Portrait de France Gall publié dans Ici Paris en 2008. Retour sur son enfance musicale, ses débuts yéyé, l’Eurovision et sa rencontre avec Michel Berger.
France Gall, une sacrée poupée de son | Ici Paris | Septembre 2008
France Gall, une sacrée poupée de son | Ici Paris | Septembre 2008

La musique, elle est tombée dedans quand elle était petite. Pas étonnant que France Gall, de son vrai prénom Isabelle, ait attrapé très vite le virus de la chanson : c’est son grand-père maternel, Paul Berthier, qui créa les Petits Chanteurs à la Croix de Bois…

Son père, Robert Gall, était, quant à lui, un parolier à succès, à qui l’on doit, entre autres, La Mamma de Charles Aznavour.
Et ses frères guitaristes, Philippe et Patrice, ont été les premiers à l’accompagner au sein du petit orchestre qu’ils avaient formé.

Dans le vaste appartement familial, à Boulogne, défilent régulièrement Marie Laforêt, Claude Nougaro ou encore Gilbert Bécaud.
Et Isabelle n’a que 13 ans lorsque son père l’emmène chez la très impressionnante Édith Piaf, pour qui il vient d’écrire Les Amants merveilleux (1960).
Devant son miroir, la jeune fille, que ses proches appellent « Babou », se met alors à pousser la chansonnette et se coiffe à la Bardot tout en rêvant de gloire.
Elle envie Sylvie Vartan, une débutante qu’elle connaît bien : et pour cause, les deux adolescentes habitent dans la même rue !
Elle n’attendra pas longtemps pour suivre le même chemin…
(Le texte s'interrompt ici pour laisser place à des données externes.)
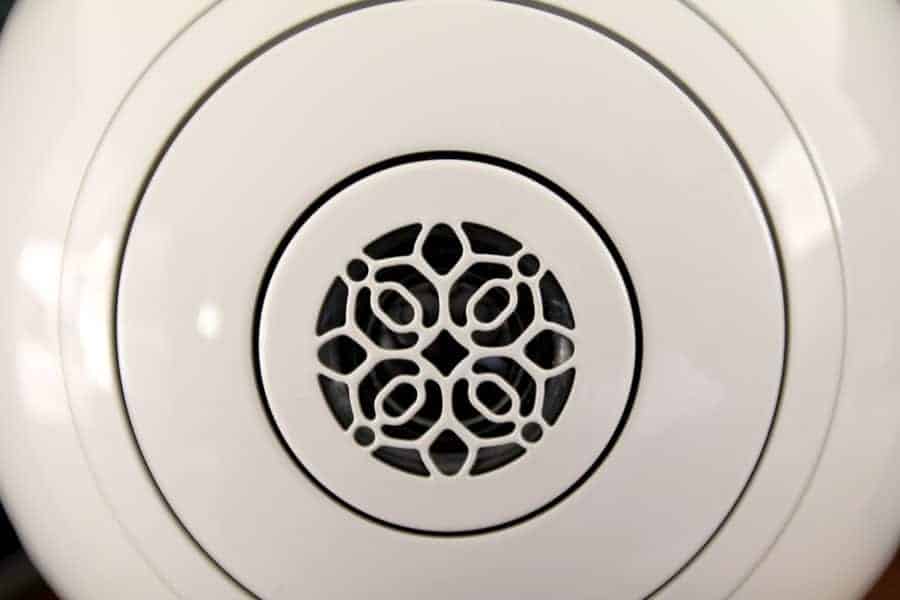 Le plus fascinant, câest son systĂšme de âgrandes oreillesâ, sur les cĂŽtĂ©s. Deux sphĂšres blanches qui se rĂ©veillent, et dansent au rythme des frĂ©quences basses. Une idĂ©e hyper magique pour « voir le son ». On reste facilement de longues minutes Ă observer ces mouvements hypnotiques.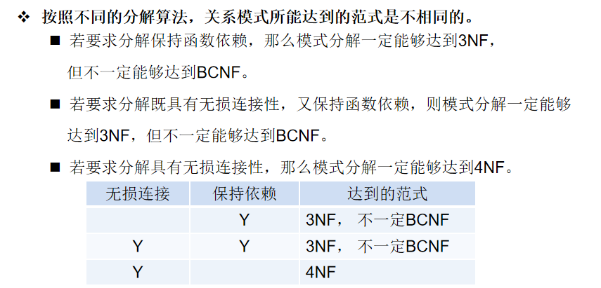 - 这是必须满足的最低标准。如果分解不具有无损连接性,会导致信息丢失或产生虚假元组。只有具有无损连接性的分解才能够保证不丢失信息。无损连接性不一定能解决插入异常、删除异常、修改复杂、数据冗余等问题。
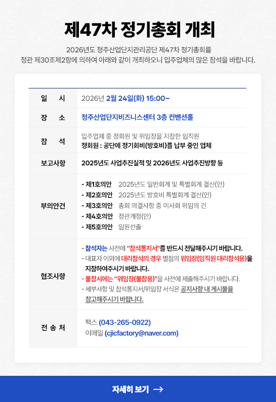(공지) 제47차 청주산업단지관리공단 정기총회 개최 알림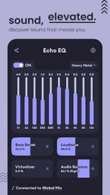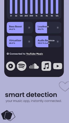 No setup needed! Echo Equalizer: Bass Booster enhances sound in music players, streaming apps, video players, and gaming apps. Enjoy consistent equalizer effects, bass boost, and volume boost everywhere! Whether using Spotify, YouTube, or local media players, get superior sound quality.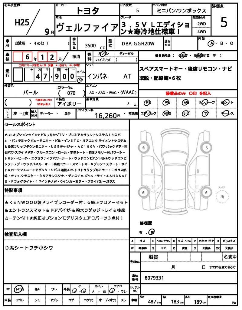 TOYOTA VELLFIRE - лот 1396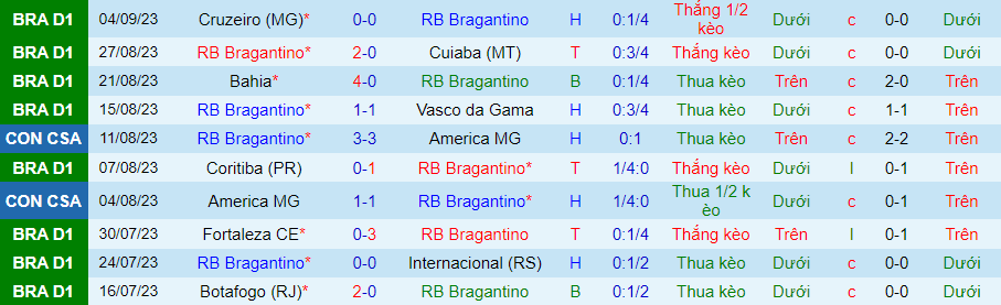 Bragantino chỉ thua 1/9 trận đấu gần nhất trên mọi đấu trường nhưng thực tế, phong độ của họ không quá nổi bật khi chỉ thắng 3/9 trận gần đây. Do đó, họ vẫn thua kèo trong 7/11 trận đấu gần đây.

En 1962, son père prend les choses en main : il rebaptise sa fille France et lui fait enregistrer son premier 45 tours, Ne sois pas si bête.
C’est ainsi qu’à 15 ans, la jeune lolita à la voix acidulée conquiert les Français en pleine vague yéyé.
En 1964, l’écolière sage déclenche un véritable raz-de-marée et vend deux millions d’exemplaires de Sacré Charlemagne, le tube planétaire que lui écrit son papa.
La poupée blonde devient, l’année d’après, de cire et de son avec Serge Gainsbourg, son premier Pygmalion, avec qui elle remporte le concours de l’Eurovision.
Dans la foulée, la douce France enregistre en toute innocence un petit chef‑d’œuvre, Les Sucettes, une chanson façonnée par le grand Serge à l’image de la jeune fille, encore frêle et naïve, qui ne comprendra l’allusion érotique du texte que bien après la sortie du disque…
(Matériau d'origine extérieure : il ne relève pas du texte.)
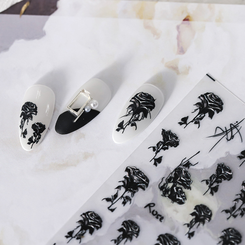 薄韧浮雕美甲贴薄透指甲贴指甲饰品山野玫瑰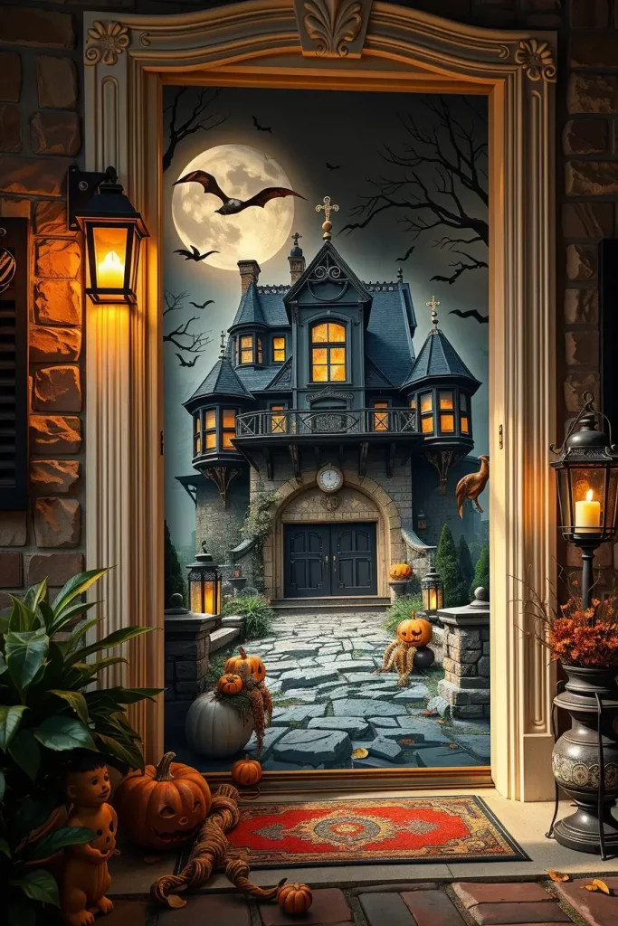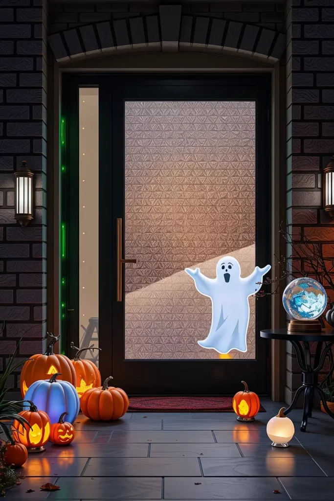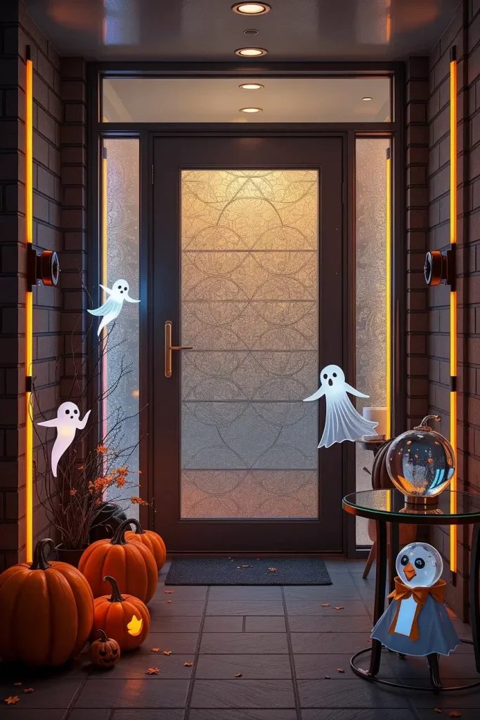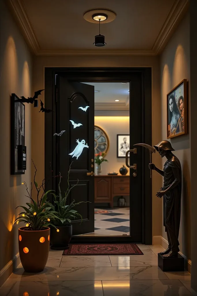 When I am working on these installations, I like to use color-shifting lights on low settings of purples, oranges, or even spectral greens. I usually combine the lighting with frosted glass doors or smooth paneling to reflect the light in a soft manner. I prefer to place acrylic pumpkins, translucent ghost cutouts, or even floating holographic items around the doorway. Furniture must be minimalist, maybe a slim side table with a glowing crystal ball or clever lanterns on the left and right.

Cette histoire, France Gall en parle aujourd’hui avec tendresse, comme d’une « cavalerie ».
À l’époque pourtant, à 18 ans à peine, elle se sent blessée, humiliée même, et décide de mettre sa carrière entre parenthèses.
L’icône acidulée du Swinging in Paris des années soixante reviendra sur le devant de la scène en 1973, grâce à son grand amour, Michel Berger.
C’est avec lui qu’elle trouvera sa bonne étoile et commencera véritablement à exister, aussi bien en tant que femme qu’en tant qu’artiste.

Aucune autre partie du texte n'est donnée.